Lilies are another type of flower that is known to honour the dead. Paired with its aromatic properties, lilies symbolise calmness, purity, and radiance of the soul. They serve as a reminder that the soul of your deceased has passed to a state of peaceful innocence in Heaven. The Peace Lily plant is a lovely addition to any home or workspace as they survive well indoors as potted plants. The large bright leaves and the eventual bloom are a sign of rebirth from this world to a greater, more complex, spiritual place.
Orchid plants are another flowering bloom that can be used to honour the memory of the deceased. Often used in funeral garlands, they represent the message of everlasting love as they maintain their form for quite some time. These plants also have the power to convey a sense of royalty and purity, as that which is associated with Heaven. They help in maintaining the respectful nature of remembering deceased loved ones.
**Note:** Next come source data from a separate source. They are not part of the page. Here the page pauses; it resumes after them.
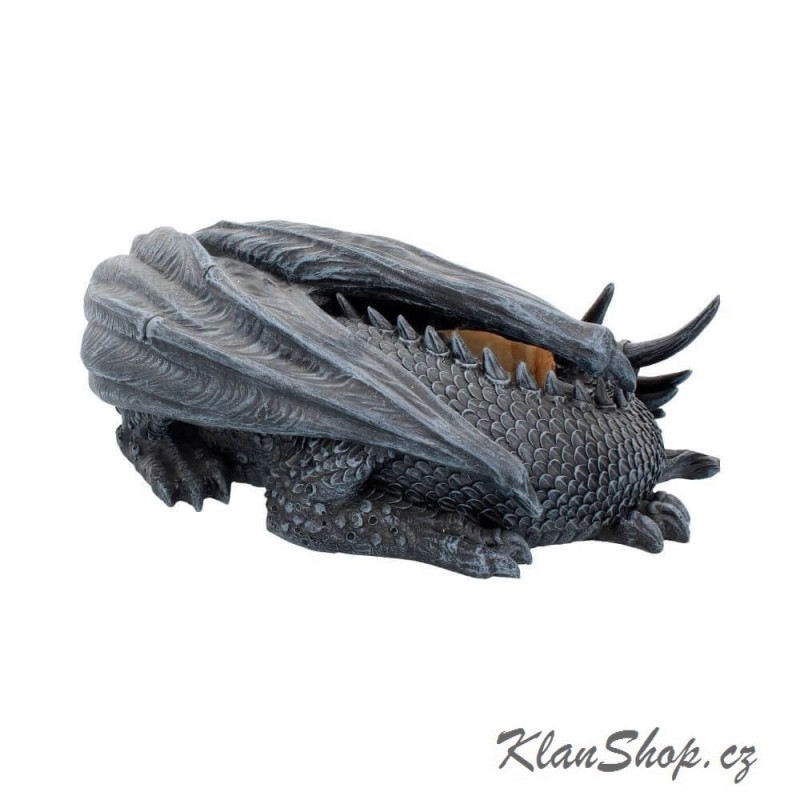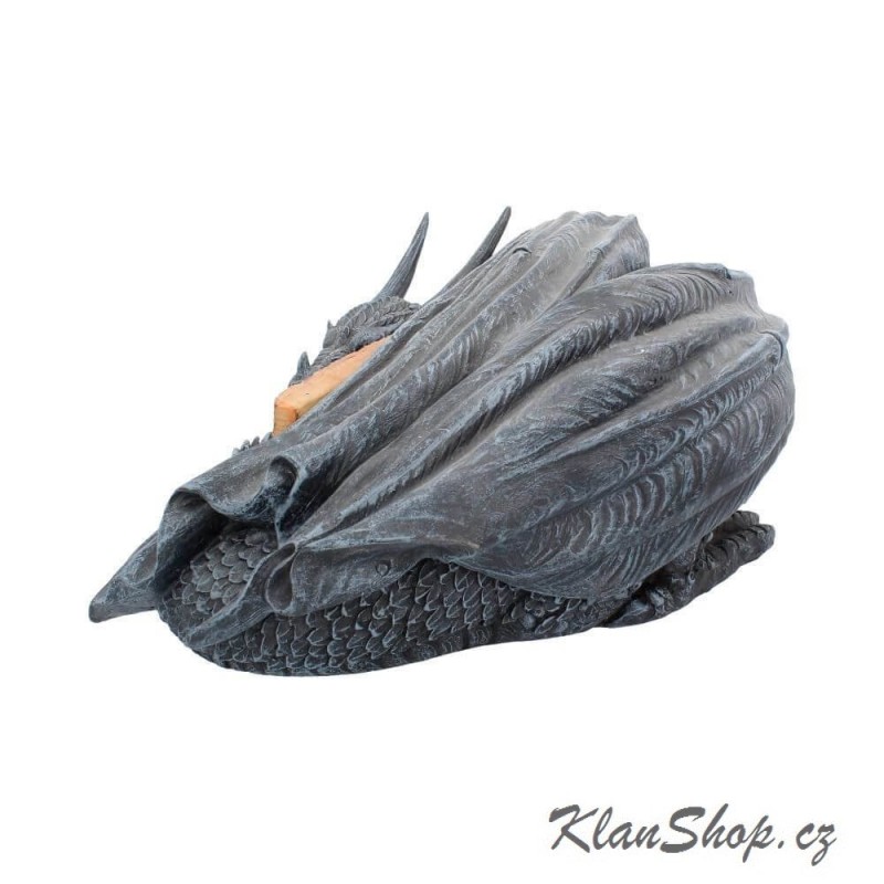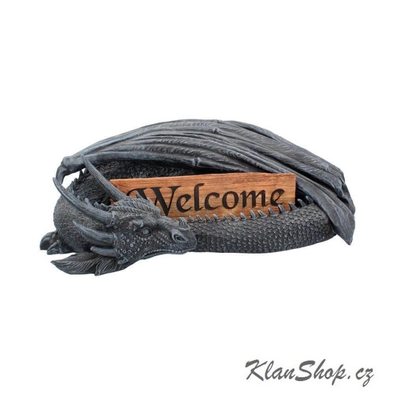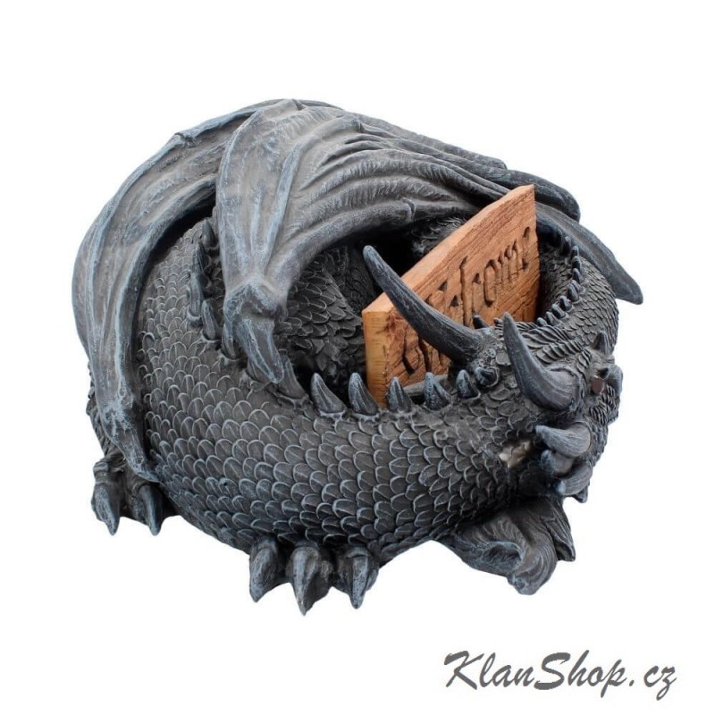 Dekorační figurína (figura) - velká - ležící černý drak s nápisem welcome (vítejte).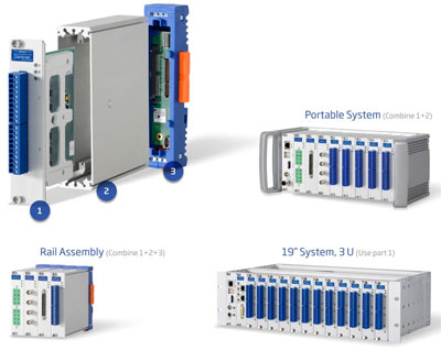 interchangeable enclosures: DIN rail, Rugged & Portable, 1U/3U 19" racks, and be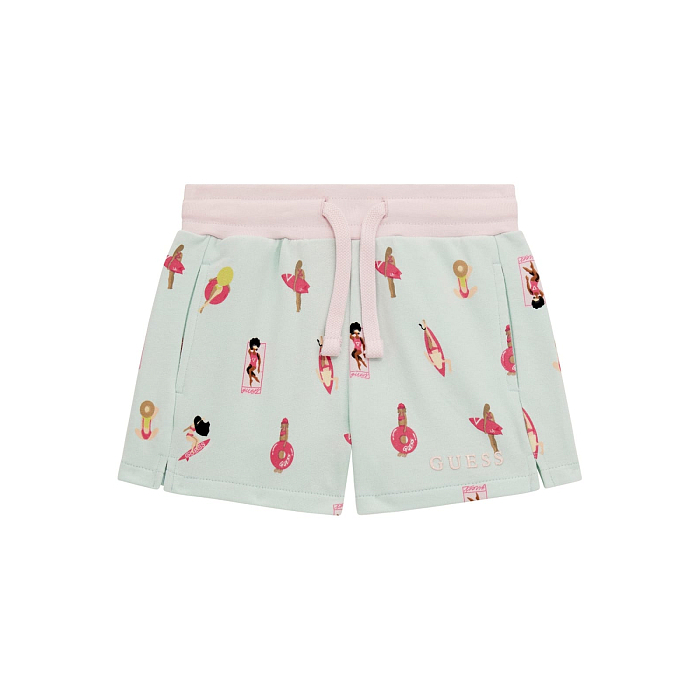 Шорты для девочек Guess – это идеальный выбор для маленьких модниц! Изготовленные из 100% хлопка, они украшены очаровательным принтом с изображениями девушек на пляже, досок для серфинга и круглых надувных кругов на серо-зеленом фоне. Нежная текстура ткани и удобная резинка по талии делают эти шорты комфортными и стильными. На фотографиях видна аккуратная резинка по краю и мягкая текстура ткани. Качество от американского бренда Guess и внимание к деталям делают эти шорты отличным выбором для вашего ребенка!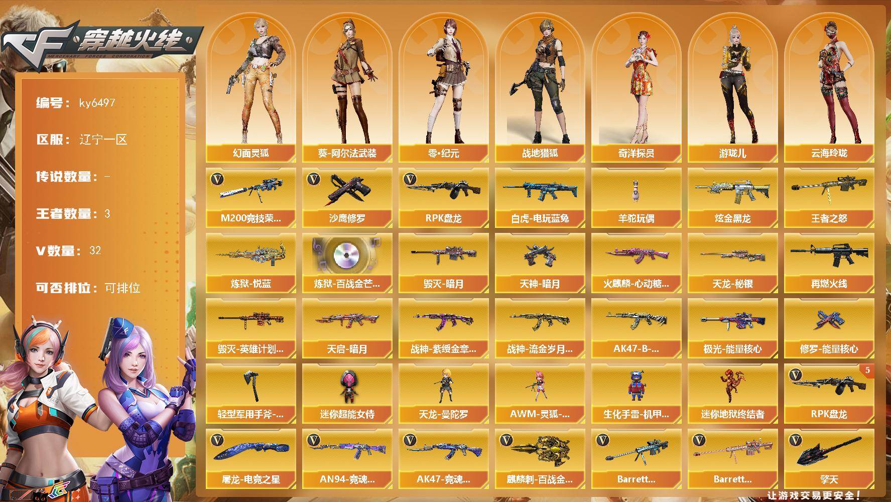 辽宁一区-33V-3王者武器数-1炫金武器数【热门武器】:M200-竞技荣光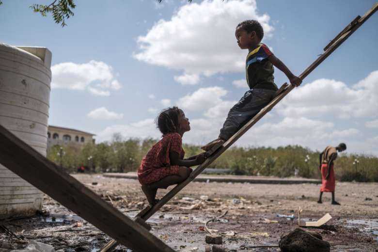 Children play among water tanks at the compound of the Agda Hotel in the city of Semera, Afar region, Ethiopia, on Feb. 14. (Photo: AFP)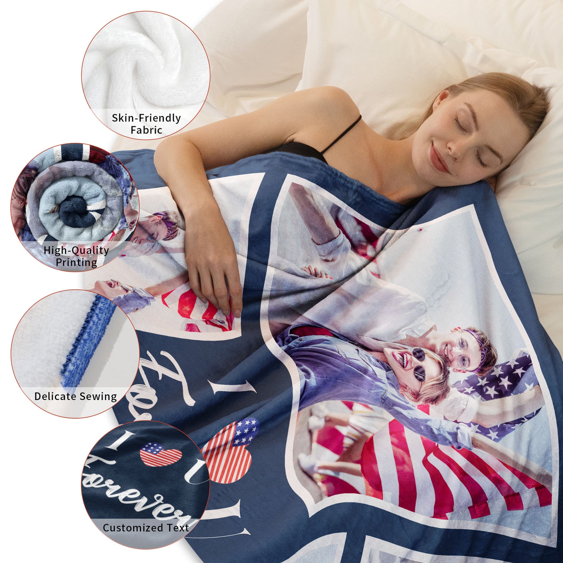 - 💟Amazing Custom Blanket: This personalized blanket with picture is the ideal gift to capture cherished moments with your loved ones. Create a timeless keepsake to treasure for years to come, perfect for anniversaries, birthdays, Valentine's Day, engagements, and weddings. It's the most memorable gift for girlfriend, boyfriend, wife and husband, bringing not only happiness but also warmth to your family.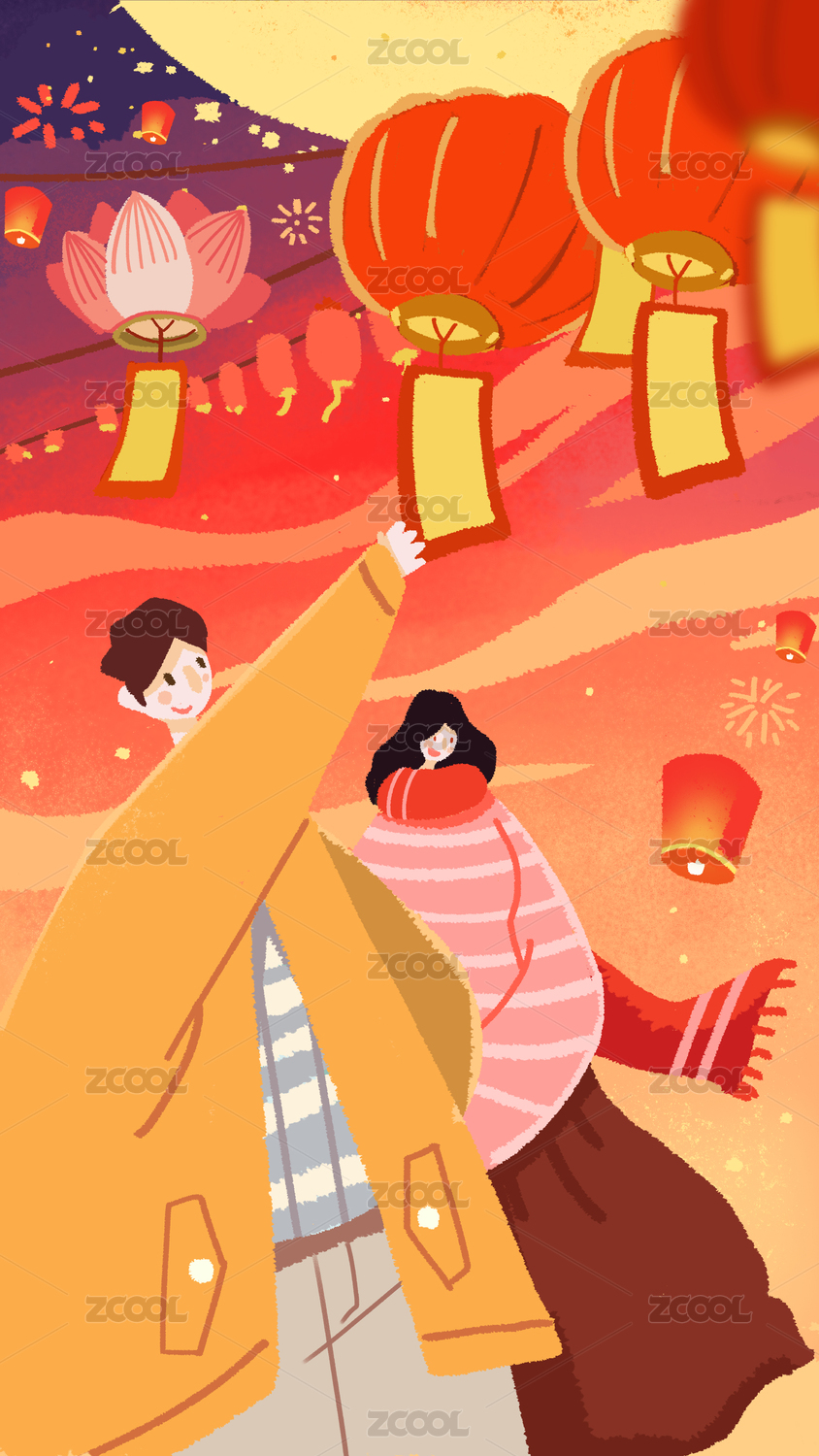 元宵节情侣夜晚赏灯猜灯谜赏月节日插画

It is no secret these flowers bloom well in our tropical climate.
Roses are also commonly used to adorn gravesites as they can convey a sense of high class and respect, like orchids. Red roses symbolise love for the departed, grace and courage.
Planting a rose bush around this time to remember your loved ones, is a beautiful gesture and a stunning addition to the home space. Growing them from cuttings will produce results in about three weeks’ time. Be sure that the soil has good drainage and organic matter and that the plant is offered shade from afternoon sunlight.
While tending to them is often described as high maintenance, the visual effect and undeniable fragrance of rose plants in remembrance of your departed family and friends, is worth it, both as a coping mechanism and a symbol of your love for them.